L’objectif de l’arc-en-ciel était de réduire autant que possible les circonstances conduisant au séjour illégal avec l’exploitation outrancière qu’il entraîne, notamment aux niveaux du travail et du logement. La politique traditionnelle des autorités belges a consisté tantôt à favoriser, tantôt à freiner le recours à l’immigration en fonction de la conjoncture économique et de la demande des entreprises. Décréter un « stop à l’immigration économique » ne signifie pas que celle-ci s’arrête effectivement. Elle se poursuit probablement à un volume plus réduit, mais dans l’illégalité, et les recrutements se font au noir. En 1974 eut lieu la première campagne de régularisation pour légaliser l’occupation irrégulière de travailleurs à la suite de plusieurs années de politiques restrictives en matière d’octroi de permis de travail.
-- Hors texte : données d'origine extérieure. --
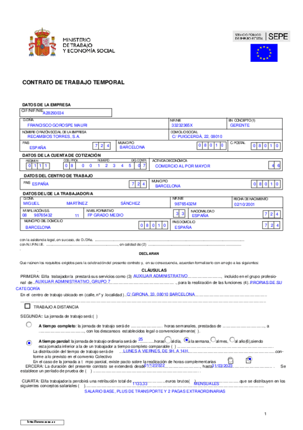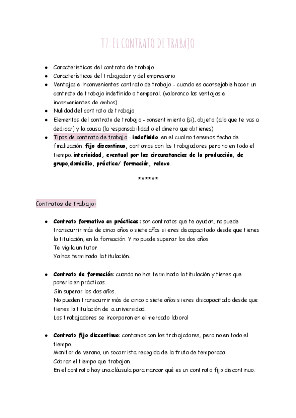 En este documento podrás encontrar información sobre todos los diferentes contratos que puede tener el personal en una empresa. Explican características, el significado y un ejemplo de cada contrato de trabajo.
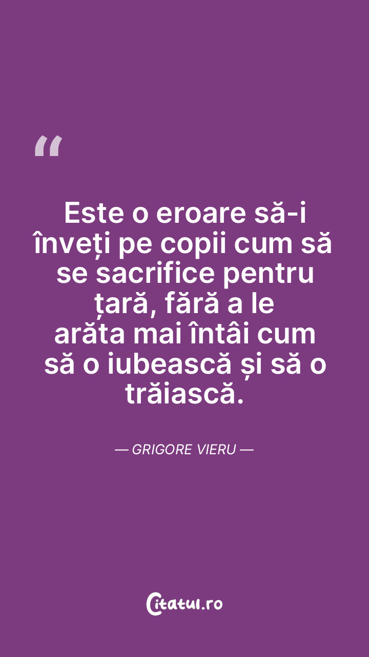 Este o eroare să-i înveți pe copii cum să se sacrifice pentru țară, fără a le arăta mai întâi cum să o iubească și să o trăiască. Grigore Vieru

Depuis 1975, l’immigration économique de ressortissants non communautaires est officiellement arrêtée sauf pour les travailleurs très qualifiés. Cet arrêt de l’immigration tient lieu de politique d’immigration. Les années « Martens-Gol » ont encore durci les conditions mises au regroupement familial, elles ont également renforcé la limitation du droit d’inscription dans certaines communes. Entre-temps, la législation sur le droit d’asile a sans cesse été revue dans un sens restrictif tant en ce qui concerne la reconnaissance du statut de réfugiés que pour les conditions d’accueil. Mais les raisons qui poussent à l’émigration demeurent, voire s’accentuent. Ainsi, une campagne de régularisation des sans-papiers devenait indispensable, tout comme il était indispensable de redéfinir la politique d’asile et de repenser une politique d’immigration inexistante depuis 1975. Sans quoi les mêmes causes produiront les mêmes effets et les campagnes de régularisation se succéderont.

Les résultats
Les quatre critères énoncés pour une régularisation éventuelle ont été repris dans la loi du 22 décembre 1999. L’organe autonome indépendant s’est concrétisé par la mise en place d’une Commission de régularisation. Plus de 37.000 dossiers ont été introduits (cf. tableau ci-contre). Près de 80 % des demandes ont abouti à une décision positive. Les personnes régularisées ont obtenu un droit de séjour de durée illimitée et sont dispensées du permis de travail. Elles ont également été autorisées à travailler pendant la période d’examen de leurs dossiers. Dans le prolongement, un projet d’arrêté royal permettrait à l’avenir à toutes les personnes en séjour précaire dans l’attente d’une décision définitive quant à leur droit de séjour, de travailler légalement. Dans l’accord de gouvernement, la régularisation des personnes en séjour illégal était présentée comme une question résiduaire de la réforme de la politique d’asile. Dans l’évaluation gouvernementale de la régularisation, la mesure était justifiée par des considérations d’ordre humanitaire et dans le souci de mettre un terme à des situations sociales inacceptables ainsi qu’aux diverses formes d’exploitation.

Mais…
37.000 dossiers introduits ; 80 % de réponses positives, cela peut paraître un bon résultat. Les chambres de régularisation ont effectivement été à la hauteur de leur tâche. Cependant, la pertinence d’une campagne de régularisation doit s’apprécier sur d’autres critères : – est-ce que la plupart des personnes sans-papiers qui se trouvaient en Belgique en 1999 ont bénéficié de la possibilité de régulariser leur situation ? – est-ce que les instruments de la nouvelle politique d’immigration et d’asile « réaliste et humaine » permettront d’éviter le développement de la clandestinité ? La réponse à ces deux questions est négative. Plusieurs sondages effectués par des associations ont mis en évidence que seulement la moitié des sans-papiers a introduit une demande de régularisation. Les raisons en sont des délais très courts pour l’introduction d’un dossier, le manque d’informations, une certaine méfiance vis-à-vis des autorités, la complexité des critères. L’évaluation des campagnes de régularisation menées dans d’autres pays européens avait indiqué qu’une campagne générale de régularisation ne pouvait réussir que si elle était menée sur un critère simple, par exemple la présence dans le pays à une date déterminée. Le gouvernement a opté pour un examen au cas par cas sur la base d’un ensemble de critères bien définis. Cette méthode pourrait se justifier pleinement si elle était permanente dans le cadre d’une politique d’immigration adaptée aux réalités des migrations. Aujourd’hui, en 2003, la question des sans-papiers se pose avec la même acuité qu’en 1999. Une plate-forme d’organisations se structure pour remettre le problème à l’agenda politique…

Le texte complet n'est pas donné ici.